START Data shown

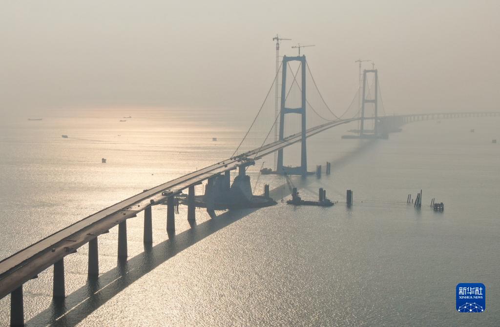 这是夕阳下的深中通道伶仃洋大桥(11月27日摄,无人机照片)。
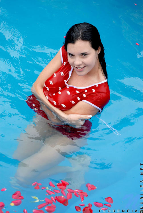 Alluring teen enjoys swimming and teasing with a red roses petals on pool
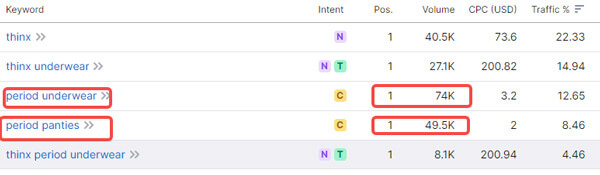 From a data perspective, unique period underwear has attracted the majority of the website’s organic traffic.

END Data shown

== What is required ==
Output nothing but the lines from the one containing "Alluring teen enjoys" to the end of the listing, both ends included, reproduced exactly. Pictures stay out.

== Expected answer ==
 Alluring teen enjoys swimming and teasing with a red roses petals on pool
 From a data perspective, unique period underwear has attracted the majority of the website’s organic traffic.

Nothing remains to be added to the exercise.